Now, using the ResNet50 based model we built above, we will train our model. Since we are dealing with a large dataset, your system might not have enough memory to koad the entire dataset at once, so we will use keras's ImageDataGenerator class to load the images in batches. Now open up the TrainModel.py file and insert the following code.

from keras.preprocessing.image import ImageDataGenerator
from keras.callbacks import LearningRateScheduler
from keras.optimizers import SGD
from keras.models import model_from_json
from cnn.resnet import ResNet
from cnn import config
from sklearn.metrics import classification_report
from imutils import paths
import matplotlib.pyplot as plt
import numpy as np
import argparse

# set the matplotlib backend so figures can be saved in the background
import matplotlib
matplotlib.use("Agg")
BS = 32
 
# construct the argument parser and parse the arguments
ap = argparse.ArgumentParser()
ap.add_argument("-p", "--plot", type=str, default="plot.png",
	help="path to output loss/accuracy plot")
args = vars(ap.parse_args())

# define the # of epochs, initial learning rate and batch size
num_epochs = 50
init_lr= 1e-1
bs = 32
 
# create a function called polynomial decay which helps us decay our 
# learning rate after each epoch

def poly_decay(epoch):
	# initialize the maximum # of epochs, base learning rate,
	# and power of the polynomial
	maxEpochs = num_epochs
	baseLR = init_lr
	power = 1.0  # turns our polynomial decay into a linear decay
 
	# compute the new learning rate based on polynomial decay
	alpha = baseLR * (1 - (epoch / float(maxEpochs))) ** power
 
	# return the new learning rate
	return alpha

# determine the # of image paths in training/validation/testing directories
totalTrain = len(list(paths.list_images(config.TRAIN_PATH)))
totalVal = len(list(paths.list_images(config.VAL_PATH)))
totalTest = len(list(paths.list_images(config.TEST_PATH)))

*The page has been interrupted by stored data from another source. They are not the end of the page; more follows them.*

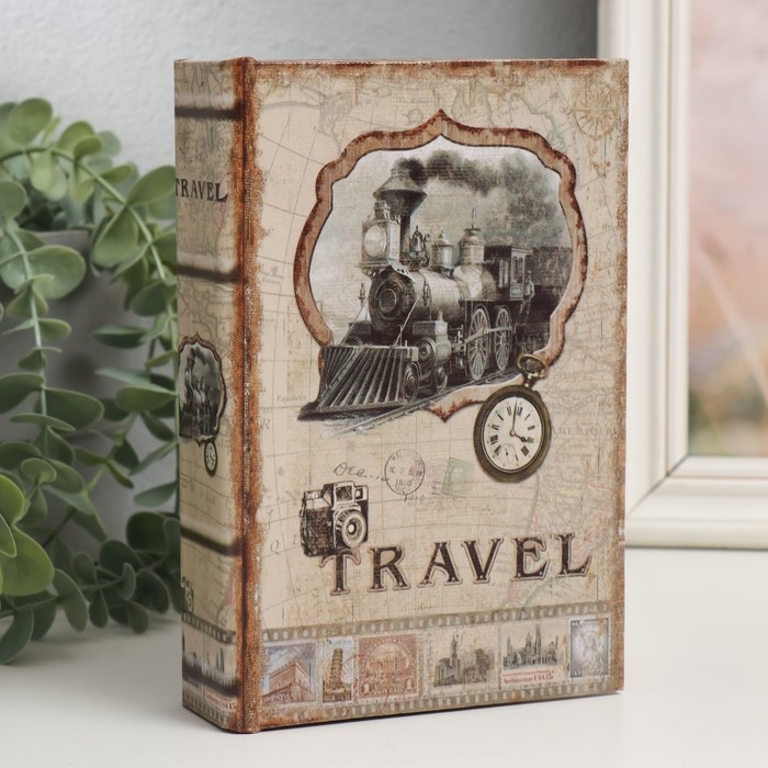 Шкатулка-книга дерево кожзам "Ретро поезд" 4х12х18 см
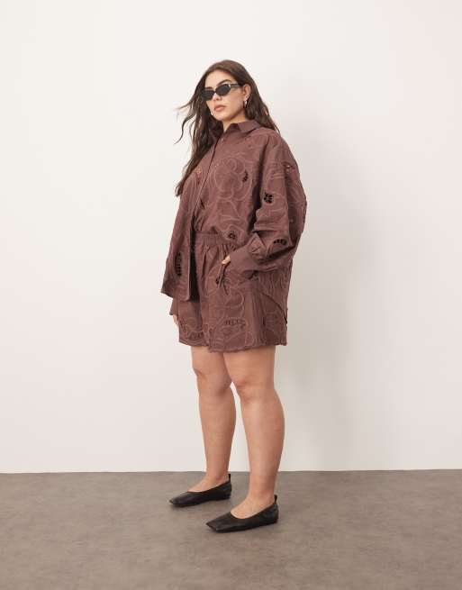 ARRANGE Curve - Katoenen short met uitsnijdingen en gespiegeld geborduurd bloemenpatroon in donkerbruin, deel van co-ord set
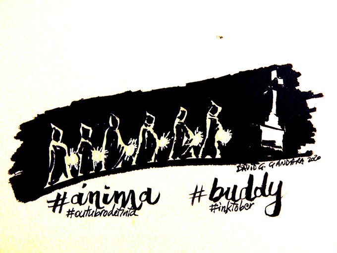 Día 25 do #outubrodetinta #inktober2020. As palabras son #ánima e #buddy. Que mellores buddies que a Santa Compaña :) @PortalPalabras 😍😍😍😍 #Ollaapalabradodía
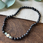- This necklace connects you to nature's ancient wisdom while expressing your appreciation for handmade artistry. The warm amber energizes your spirit, the shell flower celebrates your feminine power, and the Green Aventurine opens your heart to new possibilities.

# initialize the training data augmentation object
# randomly shifts, translats, and flips each training sample
trainAug = ImageDataGenerator(
	rescale=1 / 255.0,
	rotation_range=20,
	zoom_range=0.05,
	width_shift_range=0.05,
	height_shift_range=0.05,
	shear_range=0.05,
	horizontal_flip=True,
	fill_mode="nearest")
 
# initialize the validation (and testing) data augmentation object
valAug = ImageDataGenerator(rescale=1 / 255.0)

# initialize the training generator
trainGen = trainAug.flow_from_directory(
	config.TRAIN_PATH,
	class_mode="categorical",
	target_size=(64, 64),
	color_mode="rgb",
	shuffle=True,
	batch_size=bs)
 
# initialize the validation generator
valGen = valAug.flow_from_directory(
	config.VAL_PATH,
	class_mode="categorical",
	target_size=(64, 64),
	color_mode="rgb",
	shuffle=False,
	batch_size=bs)
 
# initialize the testing generator
testGen = valAug.flow_from_directory(
	config.TEST_PATH,
	class_mode="categorical",
	target_size=(64, 64),
	color_mode="rgb",
	shuffle=False,
	batch_size=bs)

# initialize our ResNet model and compile it
model = ResNet.build(64, 64, 3, 2, (3, 4, 6),
	(64, 128, 256, 512), reg=0.0005)
opt = SGD(lr=init_lr, momentum=0.9)
model.compile(loss="binary_crossentropy", optimizer=opt,
	metrics=["accuracy"])

# define our set of callbacks and fit the model
callbacks = [LearningRateScheduler(poly_decay)]
H = model.fit_generator(
	trainGen,
	steps_per_epoch=totalTrain // BS,
	validation_data=valGen,
	validation_steps=totalVal // BS,
	epochs=num_epochs,
	callbacks=callbacks)

# reset testing generator and use the trained model to make predictions 
print("[INFO] evaluating network...")
testGen.reset()
predIdxs = model.predict_generator(testGen,
	steps=(totalTest // BS) + 1)
 
# finds the index of the label with largest predicted probability of each
# testing image 

predIdxs = np.argmax(predIdxs, axis=1) 
 
# displays a classification report
print(classification_report(testGen.classes, predIdxs,
	target_names=testGen.class_indices.keys()))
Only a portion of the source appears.